NBC’s The Last Templar has concluded just now.  Sort of a The Da Vinci Code warmed over and softened up to be more palatable to believers, I have to confess I didn’t really enjoy the show.  I have no idea how close the movie resembles the book it is derived from, so I’m going to stick the blame on the writers of the show.  🙂  I’m sure they thought that they were doing us all a favor, dangling this document that could disprove Christianity in front of our noses only to have it destroyed before anyone could read it:  thus preserving faith.

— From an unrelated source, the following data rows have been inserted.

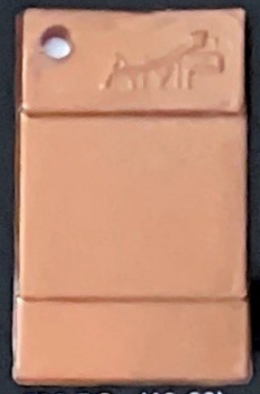
500 PG. (10-60) \mu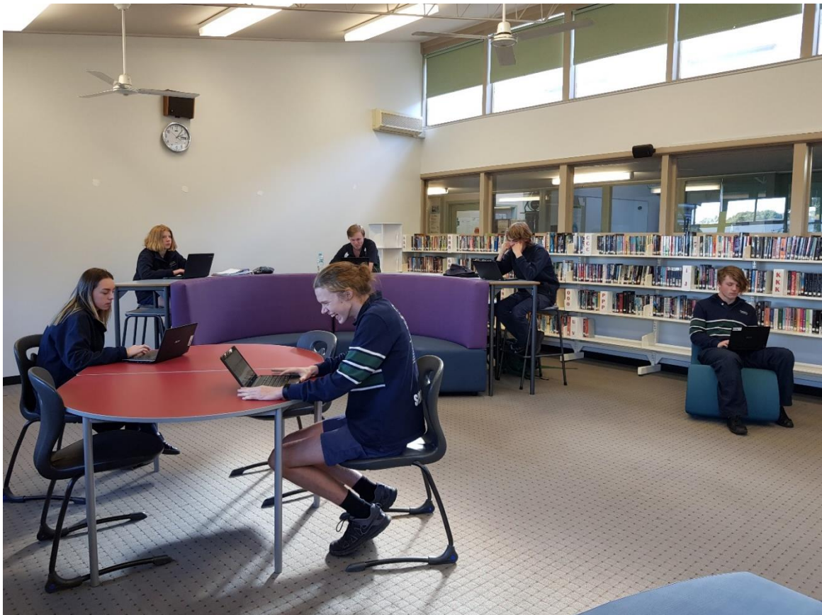
The returning Yr 11 & 12's following safe distancing in the newly refurbished Resource Centre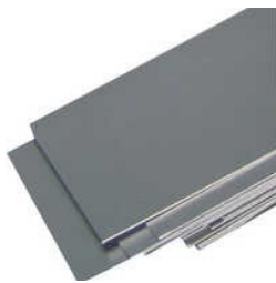
Carbon Steel Sheet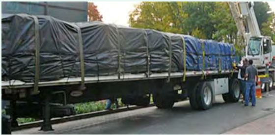
Standard flatbed trailer on arrival

IF MORE THAN 5% OF PALLETS ARE NOT RETURNED A $10 PER PALLET REPLACEMENT FEE WILL APPLY. LOST OR DAMAGED RACKS WILL INCUR A REPLACEMENT FEE OF $950 EACH.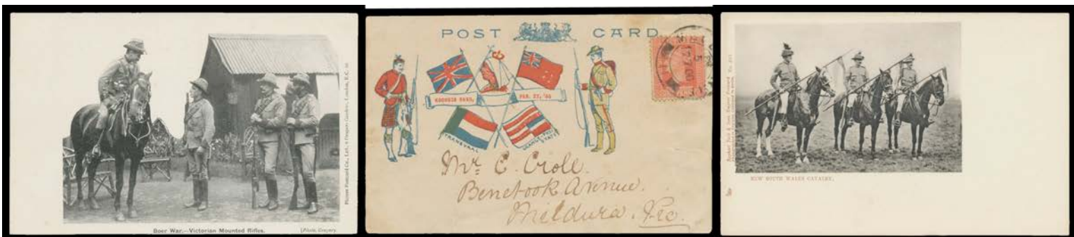
Ex Lot 299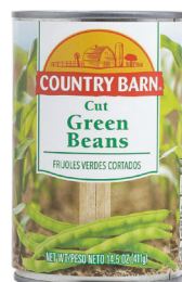
Green Beans, 14 oz. Count: 1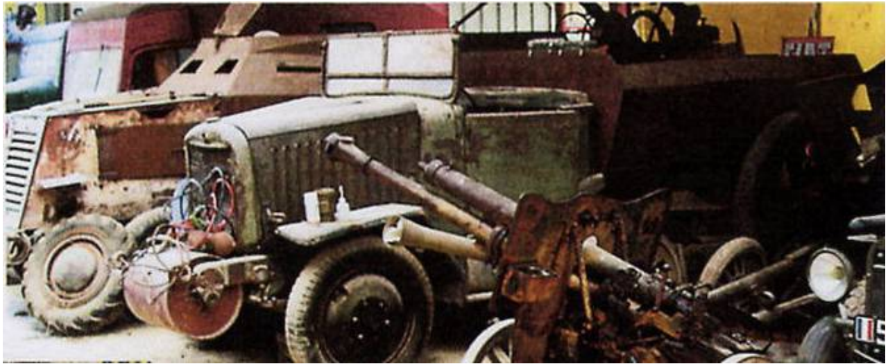
Véhicules Militaires Magazine, Mai 2005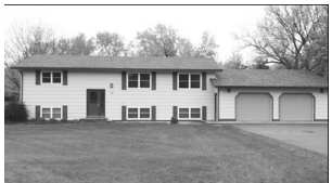
116 Cottonwood • $188,500

4-bedroom, 3-bath home located in a quiet neighborhood. Open floor plan with vaulted ceilings throughout home. Contact Trevor 605-660-5404. http://www.yankton.net/app/ht/ml/104efrancis/index.html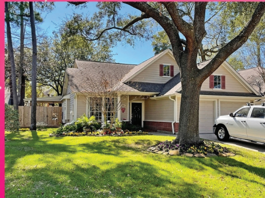
Section 4 9307 Rhythm Lane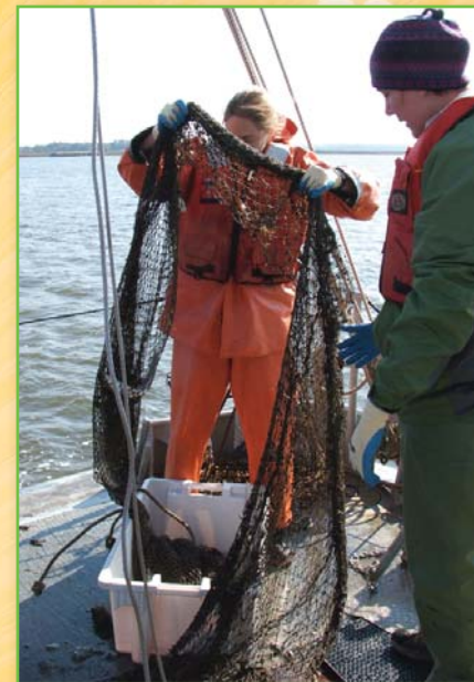
University of Maryland Center for Environmental Sciences, Horn Point Laboratory, Cambridge, MD.

The Cambridge-Dorchester Regional Airport is conveniently located adjacent to the Business and Technology Park. A planned expansion of the airport will extend the runway from 4,476 feet to 5,400 feet to allow for larger aircraft service. Since the airport is out of the restricted zone, takeoffs and landings involve little or no delays.

But you did me no favors, The Last Templar.  The idea that faith is important in its own right quite apart from the facts and evidence is an understanding of ‘faith’ common to liberal believers and a certain brand of fundamentalists.  Both extremes have in common this idea that faith is by definition indifferent to facts.  That is why you can have scholars like John Dominic Crossan running around insisting that they, too, are Christians, even though they have done all in their power to strip Christianity from any claim to actual truth.  And why not?  A mystical belief in God and a view of all humans as God’s children is all that is required, right?  This perspective is what fuels the skeptic’s accusation that ‘faith’ is not merely belief in absence of the facts, but even in spite of the facts.

Near the end, when Tess (the skeptic turned ‘believer’) is confronted by Bill (Richard Dawkins at age 70) I almost thought the show was going to break some new ground.  Bill is convinced that the ‘Gospel of Yeshua’ (that’s Jesus, friends) will give Jesus’ account and confirm that he was only a man, was ever only a man.  Tess retorts something to the effect, “How do you know if you haven’t even read it?”

Now that would have been something, because the common atheistic take is that any historical discovery will only serve to undermine Christianity.  The truth is that discoveries continue to vindicate Christianity.  ‘Discoveries’ like the ‘Gospel of Judas’ are trotted out with fanfare as bringing down Christianity but always after people have a look for themselves (if they look, that is) Christianity remains strong.  No one seems to wonder what would happen if something popped up that destroyed atheism or gnosticism!

There is material they could have used.  For example, though roundly characterized as fraudulent, there is extant a correspondence between Jesus and the King of Odessa.  We are told in the New Testament of the existence of other letters, such as another from Paul to the Corinthians and from Paul to the Laodiceans.   What if these had been uncovered?  What if manuscript evidence corroborating the full text of the James Ossuary was discovered?  Or, what if the Shroud of Turin was scientifically proven to be Jesus’s? You get the idea.

(Before)

Instead, in a scuffle, Bill, foaming at the mouth appropriate to his character, falls to his death and the Gospel of Yeshua is lost to the waves forever.  Wonderful, right?  Faith is preserved!  We never get to hear whether or not this Gospel vindicated or destroyed Christianity.  Instead, we get to hear why religion is ‘good.’  Like, ‘it brings people hope.’  Who cares?  If a particular religion brings people hope but is false, I want no part in it.


(Add 15-20 years)

Skeptics will of course think the movie is all against them.  The Dawkins lookalike won’t help, and the portrayal of Bill as a power hungry, frothing at the mouth humanist, won’t go down well.  But seeing as the movie stops short from actually disproving the man’s accusations I think the skeptics came out ok.  In the Last Templar one almost gets the idea that the best Christians are those who don’t have the audacity to think their religion is true and instead admit simply that ‘it gives them comfort.’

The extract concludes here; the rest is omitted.